Below is the best model based on adjusted R-squared (interim models not shown):
##
## Call:
## lm(formula = bothCandidates ~ yahoo + CNN + NBC + huff + CBS +
## NYT + FOX + wapo + BBC + ABC, data = survey)
##
## Residuals:
## Min 1Q Median 3Q Max
## -146.113 -46.457 -0.939 45.990 156.785
##
## Coefficients:
## Estimate Std. Error t value Pr(>|t|)
## (Intercept) -0.9904 1.6308 -0.607 0.54371
## yahooYes 6.3993 2.6013 2.460 0.01396 *
## CNNYes -12.5241 2.8732 -4.359 1.36e-05 ***
## NBCYes -5.1424 3.6678 -1.402 0.16102
## huffYes -16.1631 2.9404 -5.497 4.25e-08 ***
## CBSYes -6.0707 3.8623 -1.572 0.11613
## NYTYes -27.7890 3.3991 -8.175 4.59e-16 ***
## FOXYes 44.7044 2.7523 16.242 < 2e-16 ***
## wapoYes -5.7178 3.5995 -1.589 0.11230
## BBCYes -6.1161 3.5013 -1.747 0.08079 .

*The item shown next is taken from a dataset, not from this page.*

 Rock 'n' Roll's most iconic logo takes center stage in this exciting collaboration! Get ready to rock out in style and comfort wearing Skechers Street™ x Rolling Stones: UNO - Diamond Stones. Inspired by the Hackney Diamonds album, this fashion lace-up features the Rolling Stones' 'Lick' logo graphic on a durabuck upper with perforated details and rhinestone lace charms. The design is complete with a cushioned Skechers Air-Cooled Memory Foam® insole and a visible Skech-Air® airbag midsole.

## ABCYes -10.8632 3.5689 -3.044 0.00236 **
## ---
## Signif. codes: 0 '***' 0.001 '**' 0.01 '*' 0.05 '.' 0.1 ' ' 1
##
## Residual standard error: 56.97 on 2563 degrees of freedom
## (1697 observations deleted due to missingness)
## Multiple R-squared: 0.1869, Adjusted R-squared: 0.1837
## F-statistic: 58.92 on 10 and 2563 DF, p-value: < 2.2e-16
At an adjusted R-squared of 0.1837, it certainly isn’t anything to write home about. However the signs of the parameter estimates are interesting in and of themselves, as they show a possible correlation between source of internet news and candidate preference.
This type of linear model requires that some assumptions be met. Right off the bat, I know that the source of news variables and website variables are not independent. In fact, respondents can (and often did) choose more than one. So, there can be some collinearity.
Next, I exampined the residuals. They should be more or less normally distributed, which it appears that they (somewhat) are from the graph below:
Next, I checked for uniform variability by plotting the residual values against the predicted values:
There is definitely a pattern in the above plot. So, there could be other variables in the survey that is causing the pattern and, if added to the model, may add more accuracy. With another 1,262 variables that is certainly possible.
In conclusion, there seems to be a pattern of some kind between the specific source of election-related news and a person’s candidate preference. However, with the large number of variables, such a pattern may be difficult to detect with any degree of accuracy.
Also, such a pattern may not be linear in nature and may require more advanced techniques to properly quantify.